Dataset entries
• • • • •
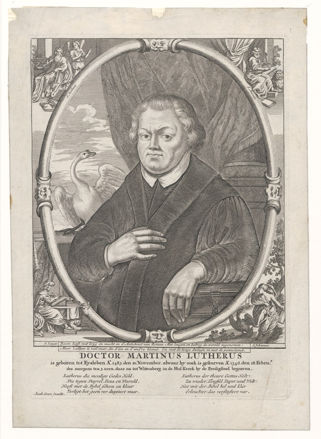 Portret van Maarten Luther (1483-1546), omringd door de vier evangelisten
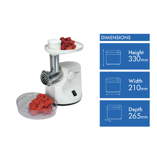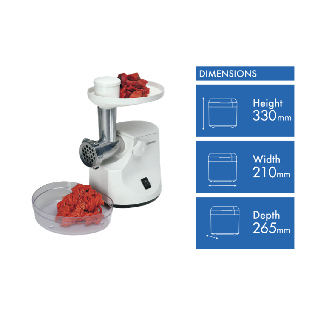 Slice and dice with ease using the Kenwood Meat Grinder. This powerful kitchen appliance makes light work of grinding meat for sausages burgers and more. With a heavy-duty motor and sharp stainless steel blades it minces meat in seconds. The two speed settings let you choose a fine or coarse grind for perfect texture every time. Its compact size takes up minimal counter space and the components are dishwasher safe for no-fuss cleanup. Prepare homemade sausages and burgers that are fresher and healthier than store-bought with the Kenwood Meat Grinder. Unlock your inner chef and craft delicious creations for the whole family. The manufacturer's part number for this product is MG450. Check out this must-have appliance today.
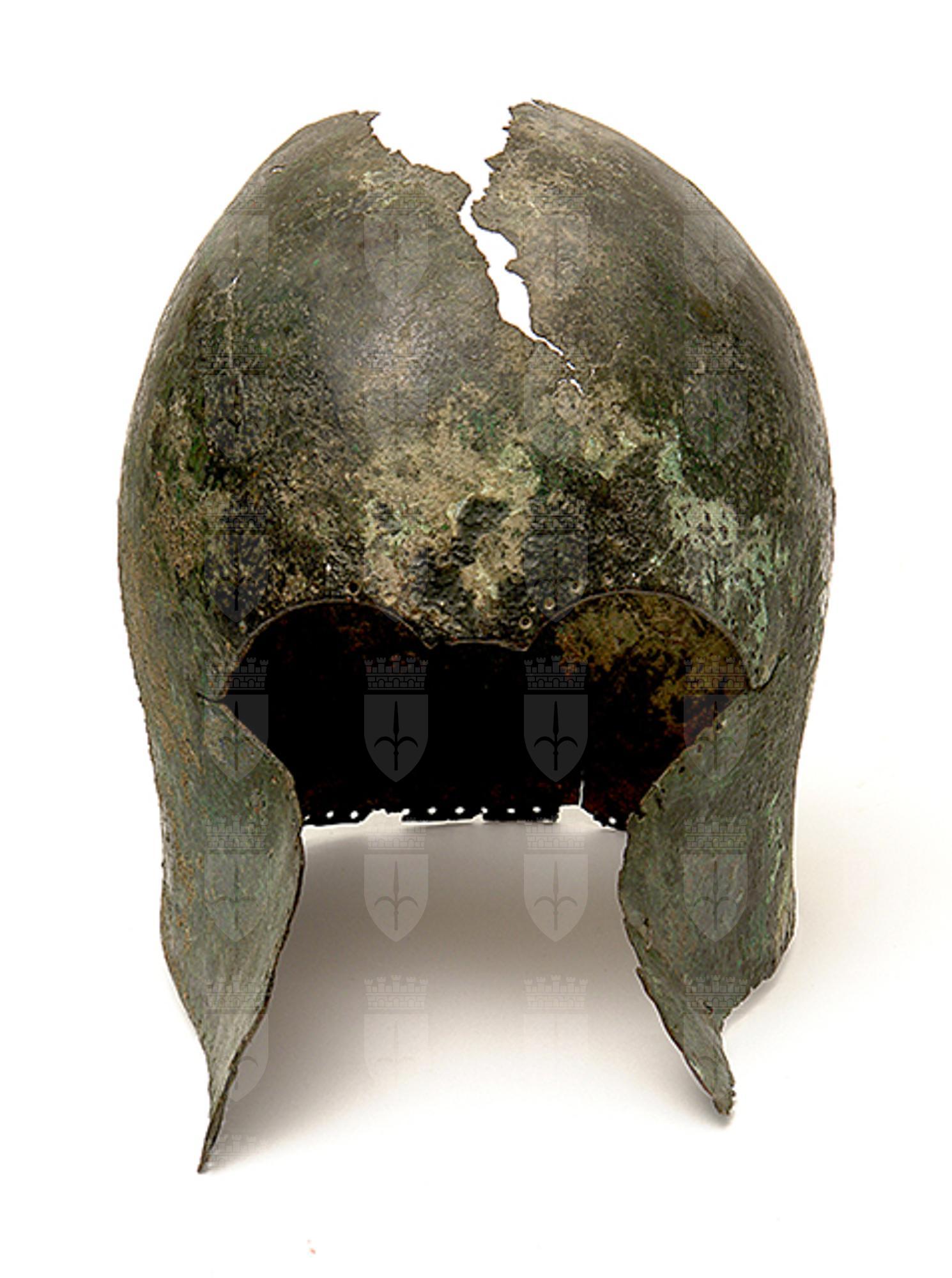 Elmo greco a calotta emisferica, con aperture per gli occhi separate dalla appendicel nasale allungata dalla punta arrotondata e dale paragnatidi. Decorato con puntinatura sorpa e sotto l'occhio e lungo l'orlo delle paragnatidi e della parte posteriore; presenta inoltre alcuni fori per il fissaggio delle parti in cuoio. La provenienza da Olimpia si inserisce tra i ritrovamenti, negli scavi, di un gran numero di elmi (più di 200): si tratta della decima del bottino sottratto ai nemici sconfitti e offerta alle divinità in ringraziamento per la vittoria ottenuta. Erano posti a formare trofei che ornavano i santuari, la cui esistenza è testimoniata dalle fonti antiche.
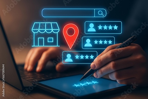 Digital mapping and online business presence user interacting with navigation and business listing interface
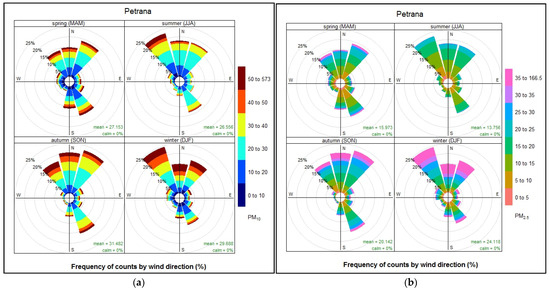 Figure 12a,b display the seasonal pollution increases for PM10 and PM2.5 concentrations in Petrana, respectively. The highest PM concentrations were found during autumn and winter. In general, wind data were mainly from the direction between NW-NNW and N-NE, as well as SE-SSE, while much of the higher PM concentrations were associated with Northerly winds.
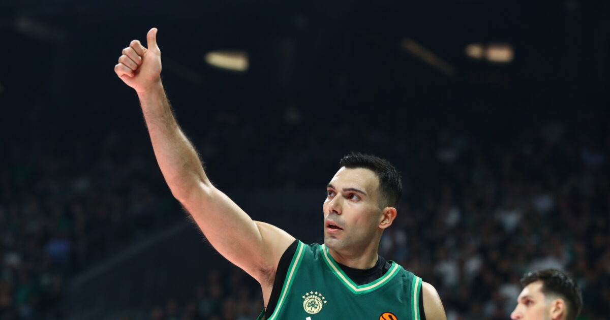 Ο Κώστας Σλούκας με τη φανέλα του Παναθηναϊκού/ (ΜΑΡΚΟΣ ΧΟΥΖΟΥΡΗΣ / EUROKINISSI)
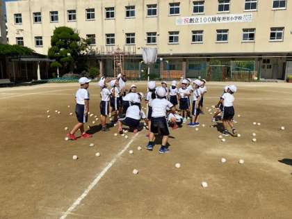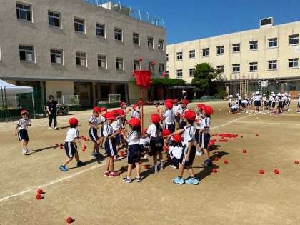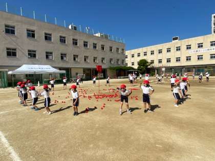学年競技「かごまでとどけ!」のようすです。ダンスも一部取り入れています。
• • • • •
**Task brief:**
If the records contain pictures, skip them, and transcribe exactly every line from the one with "Ο Κώστας Σλούκας" through the last line.

**Solution below:**
 Ο Κώστας Σλούκας με τη φανέλα του Παναθηναϊκού/ (ΜΑΡΚΟΣ ΧΟΥΖΟΥΡΗΣ / EUROKINISSI)
学年競技「かごまでとどけ!」のようすです。ダンスも一部取り入れています。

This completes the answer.